Dear Bill Keller, Please Start Taking Drug Addiction Treatment Seriously

In his closing contribution to the New York Times, Bill Keller laments President Obama’s unwillingness to invest in drug addiction treatment. It’s a common jab, made by many commentators (see for example here and here).

It is also embarrassingly, verifiably, wrong.

I am sure Mr. Keller and all the other journalistic critics of Obama’s drug treatment record have heard of The Affordable Care Act. Why don’t they know that it expands access to care for over 60 million Americans by mandating that drug treatment coverage be included in every plan and be at parity with that for other disorders? How can they further not know that the Obama Administration’s regulations for the Mental Health Parity and Addiction Equity Act provide benefit parity to more than 100 million Americans with employer-provided health insurance? More generally, how can they not know that independent analysts at CMS consider the current public policy environment the most dramatic improvement in the quantity and quality of addiction treatment in U.S. history?
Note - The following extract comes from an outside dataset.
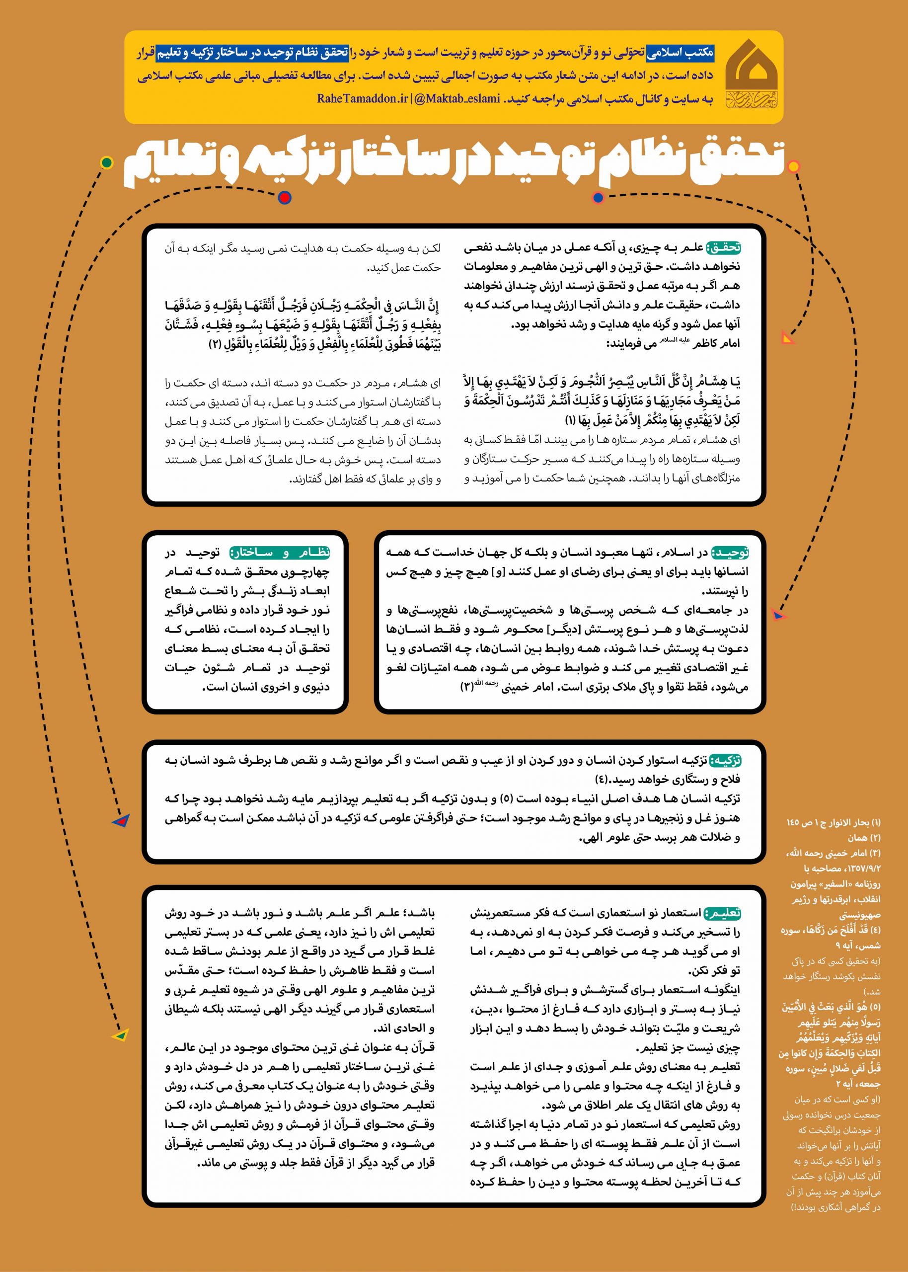 مکتب اسلامی تحوّلی نو و قرآنمحور در حوزه تعلیم و تربیت است و شعار خود را تحقق نظام توحید در ساختار تزکیه و تعلیم قرار داده است که در ادامه، شعار مکتب به صورت اجمالی و مختصر تبیین شده است.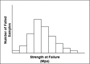 As seen in Figure 1, the example histogram is skewed to the left, meaning that the Weibull Distribution method may be suitable for this data set. With a limited number of specimens, it can be challenging to confidently determine the most appropriate distribution model. Below are some examples of commonly used distributions for strength-based allowables and the equations used to calculate the B-Basis value from the corresponding distribution [1][2].

I submit that Keller and his fellow critics would never confidently make such data-free assertions about cardiology, oncology or indeed any other area of the health care system. But drug treatment, like drug addiction, is a target of great stigma and ignorance. So why bother to take it seriously enough to check your facts like you would with health care for any other group of patients?

I take Keller at his word that he doesn’t want drug treatment to be a third-class part of our health care system. That’s why I feel comfortable asking him to please start taking it seriously himself. Rather than use his platform to make assertions that are demonstrably inaccurate, I hope he will in the future engage in the due diligence any other area of health care would receive from a serious journalist.